--- START ---

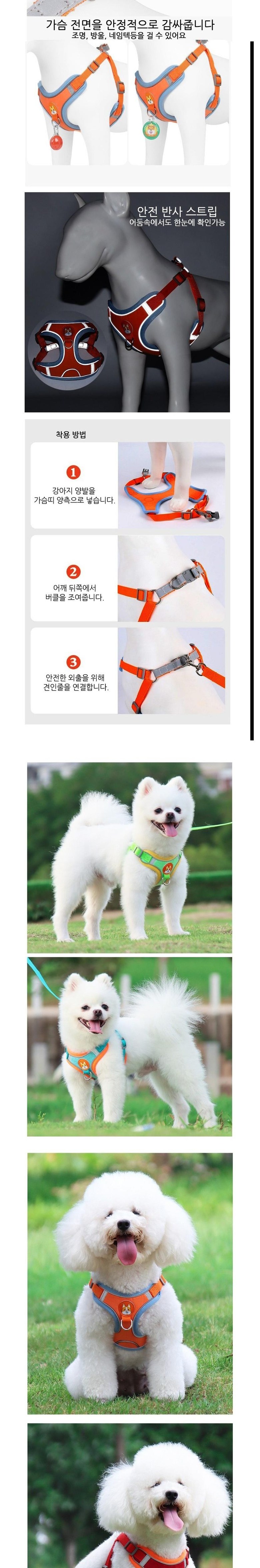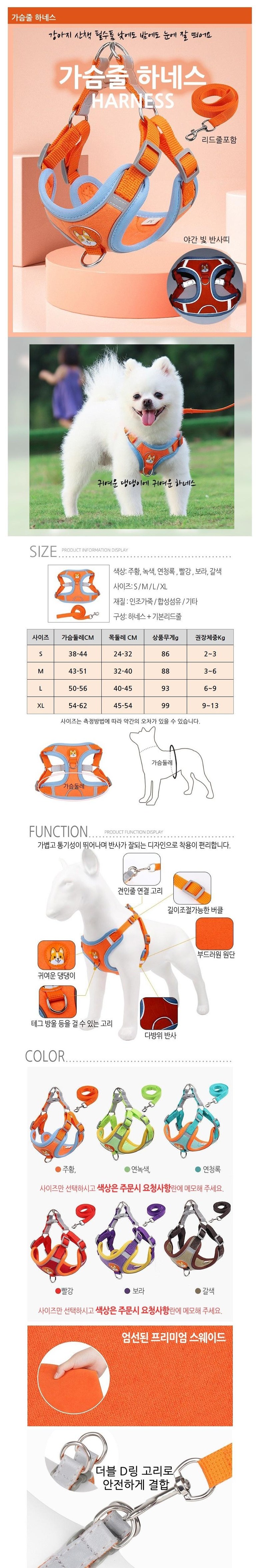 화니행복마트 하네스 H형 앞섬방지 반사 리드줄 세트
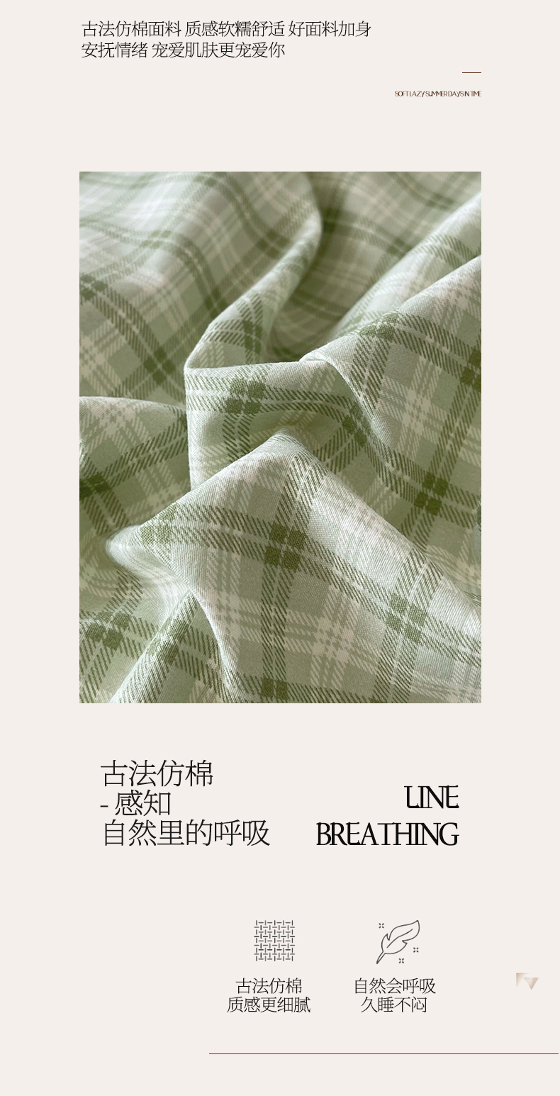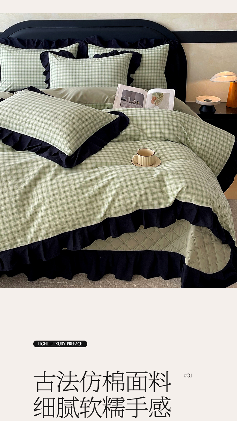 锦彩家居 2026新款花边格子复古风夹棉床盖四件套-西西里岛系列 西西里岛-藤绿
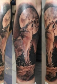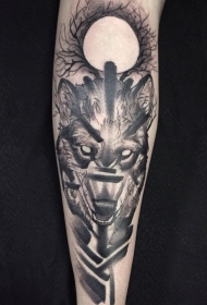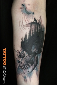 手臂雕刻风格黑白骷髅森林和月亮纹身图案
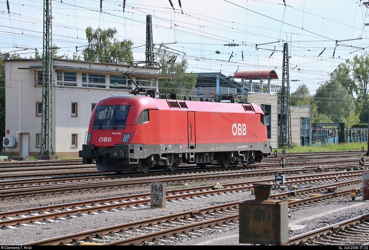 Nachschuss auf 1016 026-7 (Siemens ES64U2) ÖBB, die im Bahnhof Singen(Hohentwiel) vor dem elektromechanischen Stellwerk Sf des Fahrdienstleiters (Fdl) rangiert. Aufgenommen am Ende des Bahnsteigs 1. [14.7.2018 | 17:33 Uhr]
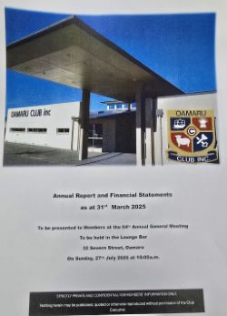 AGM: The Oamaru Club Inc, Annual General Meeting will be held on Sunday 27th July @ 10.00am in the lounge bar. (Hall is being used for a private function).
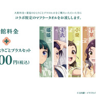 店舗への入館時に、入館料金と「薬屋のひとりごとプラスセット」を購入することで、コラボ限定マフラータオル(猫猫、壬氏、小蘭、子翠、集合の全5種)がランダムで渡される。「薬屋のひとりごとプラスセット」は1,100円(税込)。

--- END ---
--- START ---

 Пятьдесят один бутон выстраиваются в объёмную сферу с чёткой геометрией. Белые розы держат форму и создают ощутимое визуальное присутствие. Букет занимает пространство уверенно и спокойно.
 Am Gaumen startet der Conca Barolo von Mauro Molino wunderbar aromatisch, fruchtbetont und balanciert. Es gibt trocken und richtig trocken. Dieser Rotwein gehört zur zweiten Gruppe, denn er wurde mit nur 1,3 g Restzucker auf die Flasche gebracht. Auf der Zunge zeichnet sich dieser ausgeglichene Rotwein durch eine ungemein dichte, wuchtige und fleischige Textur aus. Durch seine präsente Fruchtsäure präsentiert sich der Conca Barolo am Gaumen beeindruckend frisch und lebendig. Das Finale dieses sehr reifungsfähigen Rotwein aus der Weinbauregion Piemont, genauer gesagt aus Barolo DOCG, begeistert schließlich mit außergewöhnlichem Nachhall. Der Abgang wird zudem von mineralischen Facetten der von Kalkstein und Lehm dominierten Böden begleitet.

--- END ---

Activity: Going by the entries above, repeat exactly the lines that start at the line with "화니행복마트 하네스 H형 앞섬방지 반사 리드줄 세트" and go on through the line with "AGM: The Oamaru". Pictures are not part of the copy.

Written solution:
 화니행복마트 하네스 H형 앞섬방지 반사 리드줄 세트
 锦彩家居 2026新款花边格子复古风夹棉床盖四件套-西西里岛系列 西西里岛-藤绿
 手臂雕刻风格黑白骷髅森林和月亮纹身图案
 Nachschuss auf 1016 026-7 (Siemens ES64U2) ÖBB, die im Bahnhof Singen(Hohentwiel) vor dem elektromechanischen Stellwerk Sf des Fahrdienstleiters (Fdl) rangiert. Aufgenommen am Ende des Bahnsteigs 1. [14.7.2018 | 17:33 Uhr]
 AGM: The Oamaru Club Inc, Annual General Meeting will be held on Sunday 27th July @ 10.00am in the lounge bar. (Hall is being used for a private function).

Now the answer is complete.